:: Task goal ::
A word-for-word copy of the records that follow is needed, with every picture omitted.

Items from a dataset
* * * * * * * * *

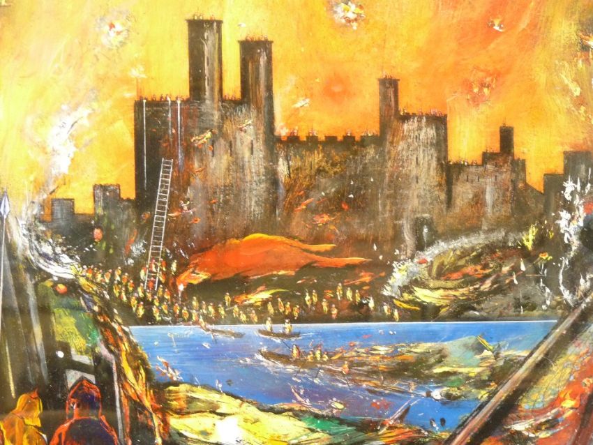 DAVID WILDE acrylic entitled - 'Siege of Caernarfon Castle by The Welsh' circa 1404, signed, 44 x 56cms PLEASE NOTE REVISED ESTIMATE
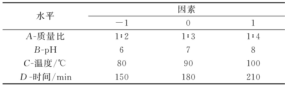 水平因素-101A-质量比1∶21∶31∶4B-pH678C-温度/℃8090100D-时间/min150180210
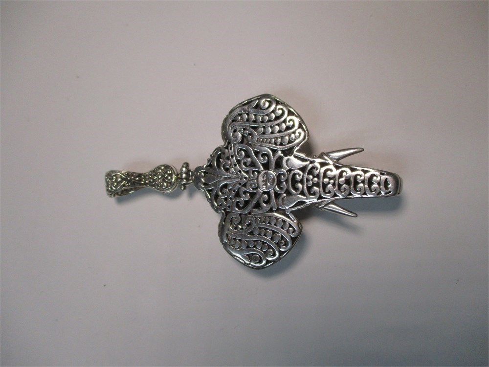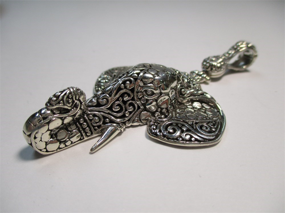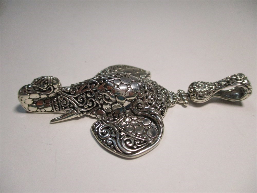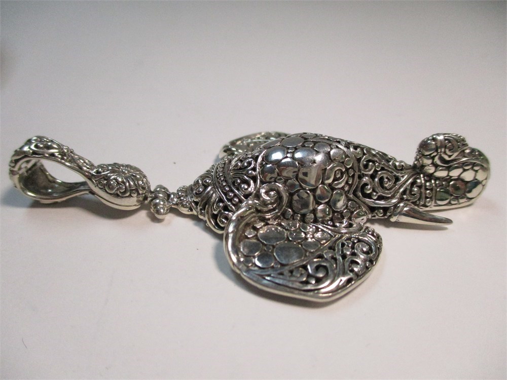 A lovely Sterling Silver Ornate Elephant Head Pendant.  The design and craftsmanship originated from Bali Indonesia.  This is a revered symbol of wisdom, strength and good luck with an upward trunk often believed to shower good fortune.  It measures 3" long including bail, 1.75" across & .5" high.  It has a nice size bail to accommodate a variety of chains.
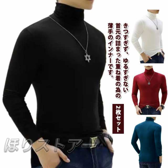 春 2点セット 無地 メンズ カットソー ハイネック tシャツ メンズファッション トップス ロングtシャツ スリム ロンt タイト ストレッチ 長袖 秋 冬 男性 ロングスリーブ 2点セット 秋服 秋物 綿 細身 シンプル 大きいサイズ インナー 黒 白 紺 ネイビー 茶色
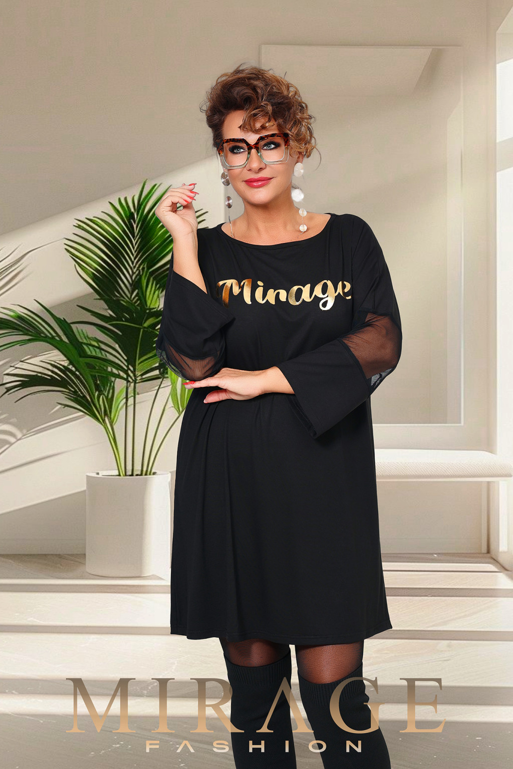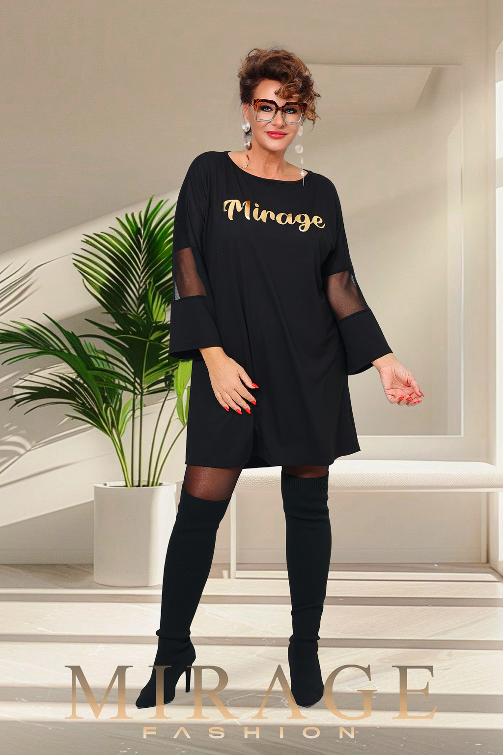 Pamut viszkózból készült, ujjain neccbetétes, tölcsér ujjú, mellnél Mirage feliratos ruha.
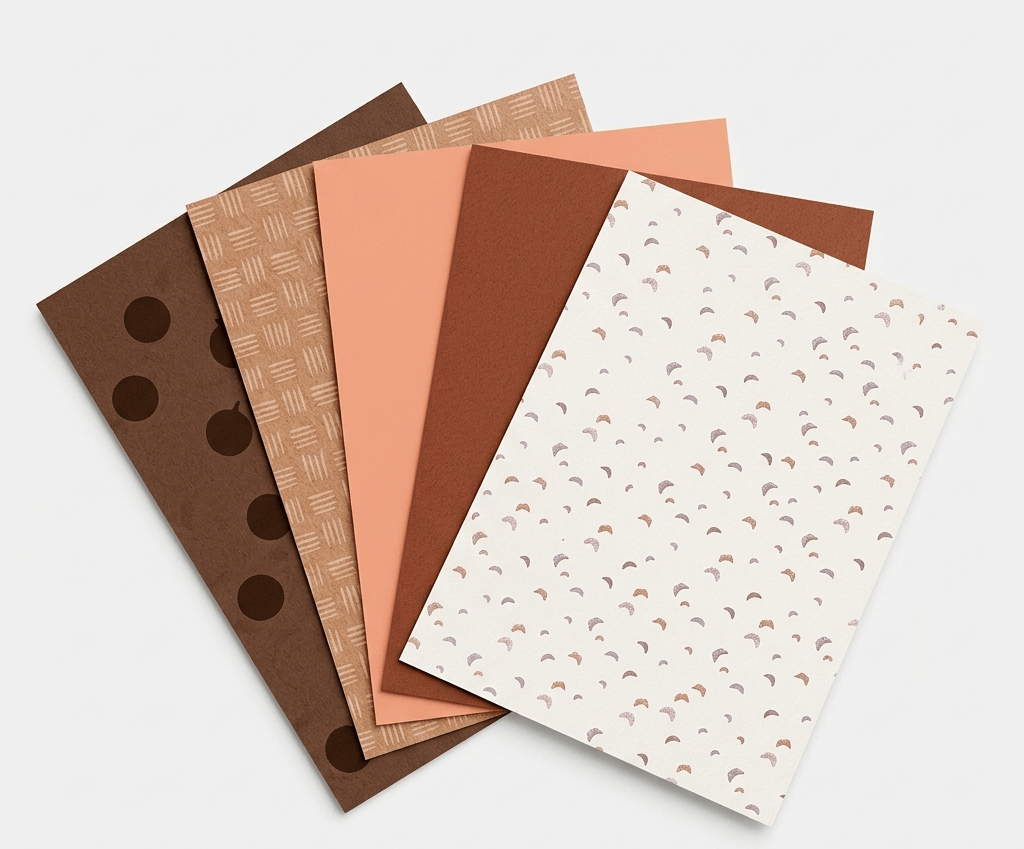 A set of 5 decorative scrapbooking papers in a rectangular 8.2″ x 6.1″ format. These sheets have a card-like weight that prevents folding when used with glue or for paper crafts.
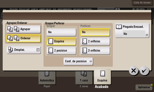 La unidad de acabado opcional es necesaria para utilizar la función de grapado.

* * * * * * * * *

:: Response area ::
 DAVID WILDE acrylic entitled - 'Siege of Caernarfon Castle by The Welsh' circa 1404, signed, 44 x 56cms PLEASE NOTE REVISED ESTIMATE
 水平因素-101A-质量比1∶21∶31∶4B-pH678C-温度/℃8090100D-时间/min150180210
 A lovely Sterling Silver Ornate Elephant Head Pendant.  The design and craftsmanship originated from Bali Indonesia.  This is a revered symbol of wisdom, strength and good luck with an upward trunk often believed to shower good fortune.  It measures 3" long including bail, 1.75" across & .5" high.  It has a nice size bail to accommodate a variety of chains.
 春 2点セット 無地 メンズ カットソー ハイネック tシャツ メンズファッション トップス ロングtシャツ スリム ロンt タイト ストレッチ 長袖 秋 冬 男性 ロングスリーブ 2点セット 秋服 秋物 綿 細身 シンプル 大きいサイズ インナー 黒 白 紺 ネイビー 茶色
 Pamut viszkózból készült, ujjain neccbetétes, tölcsér ujjú, mellnél Mirage feliratos ruha.
 A set of 5 decorative scrapbooking papers in a rectangular 8.2″ x 6.1″ format. These sheets have a card-like weight that prevents folding when used with glue or for paper crafts.
 La unidad de acabado opcional es necesaria para utilizar la función de grapado.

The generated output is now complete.